• Aucun résultat trouvé

La globalisation du sport et ses incidences multi-scalaires : un tournant néo-libéral

PARTIE I : L A NATIONALITE , RESSOURCE STRATEGIQUE DE L ’ ECOSYSTEME SPORTIF

II. La globalisation du sport et ses incidences multi-scalaires : un tournant néo-libéral

L’autonomie du sport constitue depuis fort longtemps un sujet de littérature important et abondant, notamment autour de sa gouvernance mondiale. Si l’exception sportive a émergé aux États-Unis dans le cadre très spécifique des exemptions possibles aux lois anti-trust, le débat s’est diffusé en Europe à partir des années 1970 au point de susciter une réflexion large aussi bien dans ses aspects juridiques et pratiques de mise en œuvre que dans sa doctrine afférente. Revendiquée au fil du temps par de multiples instances, c’est le mouvement olympique qui en a marqué le point de départ.

I.A. Le mouvement olympique, à l’origine d’un débat particulier devenu général

Pour Chappelet (2019), le concept d’autonomie du mouvement sportif apparaît pour la première fois dans la Charte Olympique en 1949. Il s’agissait, alors, pour le CIO, à l’heure de l’entrée de l’Union soviétique dans le mouvement olympique, de souligner la nécessité de l’autonomie des Comités Nationaux Olympiques (CNO) d’être autonomes afin qu’il les reconnaisse.

Trente années plus tard, c’est le Conseil de l’Europe qui met l’emphase sur l’autonomie du sport dans la Charte européenne du sport pour tous, devenue depuis la Charte européenne du sport : « Les organisations sportives bénévoles établissent des mécanismes de décision autonomes dans le cadre de la loi. » (Art. 3.3, COE 1992)

Cette propension à l’autonomie du mouvement sportif allait être renforcée en 1984, avec la création du Tribunal Arbitral du Sport (TAS). Le but était de parer à la menace d’interférence provenant d’autres ordres juridiques. Les prémices de celle-ci ont commencé en 1974, avec les affaires Walrave & Koch et Dona, dont Cour de justice de l’Union Européenne (CJUE) s’est saisie, considérant le litige en question d’ordre plutôt économique que sportif, faisant ainsi partie de son champ de compétences. Face à cela, progressivement après sa fondation, le TAS allait être reconnu par « toutes les fédérations sportives internationales […] dans leurs statuts comme leur organe de recours suprême. » (Chappelet, 2019)

Cela n’a pour autant pas empêché l’avènement de l’arrêt Bosman en 1995, faisant guise de chamboule-tout dans l’écosystème sportif, ni de l’arrêt Malaja, en 2003, qui en est considéré comme une extension. En réponse, Chappelet (2019) indique que « le mouvement sportif décide de faire du lobbying à Bruxelles » qui aura, pour résultat, l’adoption en 2000 par le Conseil de l’Union Européenne d’une « déclaration relative aux caractéristiques spécifiques du sport et à ses fonctions sociales en Europe, devant être prises en compte dans la mise en œuvre des politiques communes », dite « Déclaration de Nice. » Le sport et ses spécificités prises en compte, devient alors une compétence de l’Union Européenne, sans pour autant que le vocable « autonomie » ne soit utilisé dans les textes.
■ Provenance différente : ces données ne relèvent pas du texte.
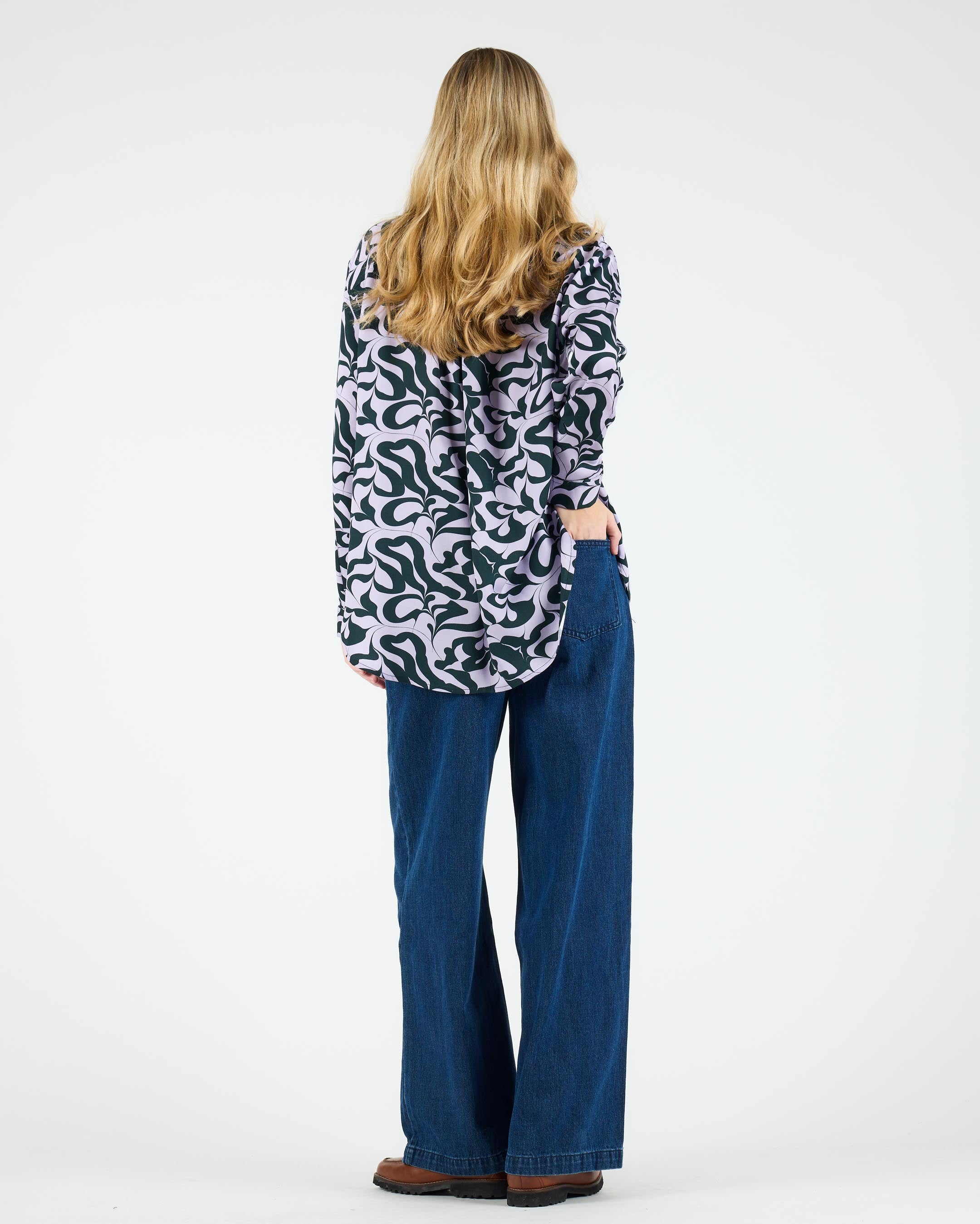 Crafted from 100% viscose (LENZING™ ECOVERO™), 145 G/SQM, this shirt offers a relaxed fit with marbled plastic buttons and sleeve plackets with button closure. LENZING™ ECOVERO™ production uses a low-emission, low-water process to minimize environmental footprint.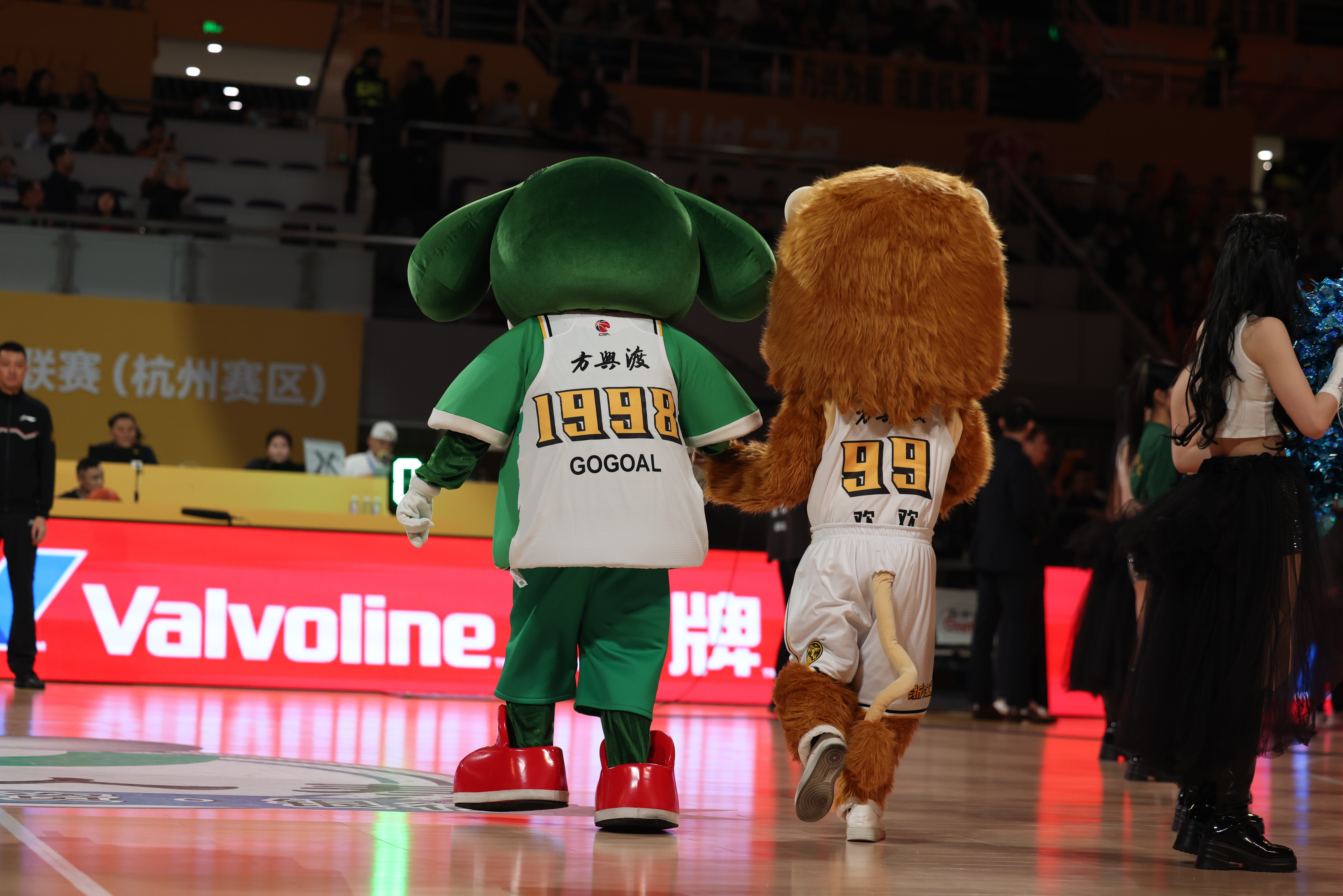北京时间1月23日,浙江广厦男篮主场108-93击败辽宁男篮,在比赛开始前,浙江队的吉祥物GOGOAL造访了广厦男篮主场。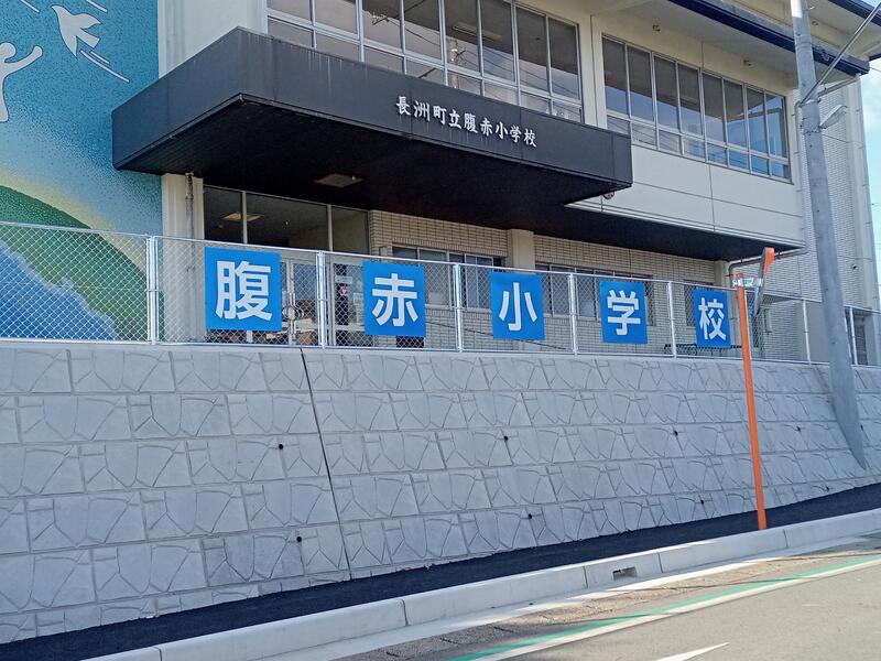 11月18日(月) 歩道整備の工事に伴い、玄関前に新しいフェンスが設置されています。せっかくなので、学校名がすぐに分かるように、この日にフェンスへ校名の看板が取り付けられました。道路からはっきりと腹赤小学校と分かるようになりました。

C’est le CIO qui l’introduit en organisant, à la suite de l’arrêt Meca-Medina (2006), deux séminaires (2006 et 2008) sur ce thème. Il conclut que le principe d’autonomie du sport doit avoir comme salaire une gouvernance correcte de ses organisations. Qu’est qu’alors une bonne gouvernance ? Chamerois (entretien 2019) a « du mal à y répondre ». Pourquoi ?

« Une gouvernance, son mode, peut-être démocratique/dictatoriale centralisé/délégataire. Une bonne gouvernance, j’ai du mal à dire ce que ce serait. Si je prends le cas du CIO, c’est une gouvernance assez intéressante puisque le CIO est élu par des membres Ceux-ci sont cooptés par d’autres membres à près de 60%. Il y a des quotas sur les fédérations internationales, les CNO et les athlètes. Cette centaine de personnes et le président prennent des décisions pour 206 CNO, 35 fédérations, des dizaines de milliers d’athlètes… est-ce que c’est une bonne gouvernance d’un point de vue démocratique ? Peut-être pas. Est-ce que c’est une bonne gouvernance si l’on prend l’état du CIO, ses revenus, sa pérennité, sa longévité ? Oui, certainement. D’autres structures connaissent une gouvernance plus directe, plus décentralisée mais moins efficace. Donc une bonne et une mauvaise gouvernance, je ne sais pas exactement ce que cela veut dire. Mais généralement, le mode de gouvernance d’une fédération, d’une structure, va se mesurer dans le temps : au nombre de ses présidents, au succès de son sport… Pour répondre clairement à cette question : je ne pense pas qu’il y ait une bonne ou une mauvaise gouvernance » (Chamerois, entretien 2019).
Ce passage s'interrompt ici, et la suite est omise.